Nous partons donc vers le centre, notre destination est Vang Vieng. Deux nuits à Luang Prabang et un passage au chaleureux bureau de l’immigration nous permettent de prolonger à nouveau nos visas de 15 jours. Au Laos, chaque tronçon de route effectué en transport collectif est toujours un spectacle. On s’amuse de voir le bus slalomer entre les bouses de vaches et les nombreux nids de poules, ou bien lorsque le chauffeur tente de dépoussiérer le pare brise du véhicule avec des jets d’essuie glace totalement inefficaces car mal réglés. On s’effraie lorsque l’on voit des bambins plein de malice, jeter des bouts de pain au canards sous les roues des voitures, ou lorsque l’on croise des locaux perchés sur le toit d’une camionnette chargée comme jamais, et qui menace de se renverser à chaque virage. On s’émerveille lorsque l’on croise une nuée d’écoliers en traversant un hameau, ou lorsque l’on aperçoit un villageois se laver sous une fontaine d’eau douce, crée à l’aide d’une dérivation en bambou.

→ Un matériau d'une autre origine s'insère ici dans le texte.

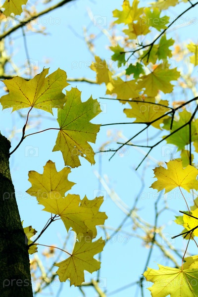 Осенние листья клена на фоне неба

Vang Vieng est la première destination touristique du pays. Cette notoriété étant due, certes aux magnifiques panoramas qu’offrent les alentours, mais surtout grâce à l’attraction phare qui fait fureur auprès des jeunes backpackers : le tubing. Une activité qui consiste à descendre une partie de la rivière Nam Song en se laissant dériver sur une chambre à air de tracteur. Lors de la descente, il est possible de se ravitailler en boisson et nourriture dans les nombreux bars situés au bord de la rivière. Mais depuis 2012 le gouvernement à fait fermer une grande partie de ces établissements en raison de l’augmentation des accidents et noyades, dus aux abus d’alcool et de substances illicites disponible sur place. Il n’y a pas d’intérêt à loger dans le centre ville car il est sans charme et bruyant lorsque chacun est revenu de son activité du jour. Mieux vaut traverser les ponts et aller trouver une chambre au calme dans la campagne toute proche. Seules des hordes de buggies, faisant route vers les pistes de terre des environs, viendront perturber de temps à autre la paisibilité du lieu.

Après Vang Vieng, plutôt que de prendre un bus de nuit pour Thakhek nous décidons de faire étape à Vientiane. Nous nous attendions à retrouver la cohue des grandes villes mais notre bilan sur la capitale du Laos est plutôt positif. Comme souvent dans le pays nous n’avons pas ressenti l’effet oppressant de la surpopulation. On peut facilement relier en une journée et à vélo les principaux centres d’intérêts, et le soir la route qui longe le Mékong devient piétonne et offre une jolie promenade dans le centre ville avec vue sur le marché de nuit. Une visite très intéressante à faire à Vientiane, hormis les temples, est la visite du COPE. Une association qui vient en aide aux personnes mutilées par les bombes lâchées par les américains lors de la guerre du Vietnam et qui continuent à faire des victimes au Laos. Le centre propose une exposition gratuite qui explique en détail cette période durant laquelle nombre de civils furent massacrés, et comment ils réunissent des fonds pour fournir aux personnes handicapées toutes sortes de prothèses. Sebastian nous en avait déjà parlé mais il est effroyable de voir au centre de la salle, cette représentation d’une Cluster Bomb, et des mini-bombes qui en résultaient. En effet, ces énormes engins s’ouvraient avant de toucher le sol pour lâcher une pluie d’explosifs (jusqu’à 680), de la taille d’une petite orange, pouvant raser une surface équivalente à 3 terrains de foot. Le Laos à été le pays le plus bombardé de toute l’histoire, une bombe toutes les 8 minutes pendant près de 10 ans et environs 30% de ces bombes (soit 80 millions) n’ont pas explosé et continuent de blesser la population. En recherchant « the secret war Laos » sur YouTube il est possible de trouver des documentaires très intéressants sur le sujet, notamment celui d’un journaliste découvrant les restes de la base secrète américaine Long Chen et ses milliers de soldats Hmongs, formés puis abandonnés par la CIA, après la défaite au Vietnam… A voir absolument.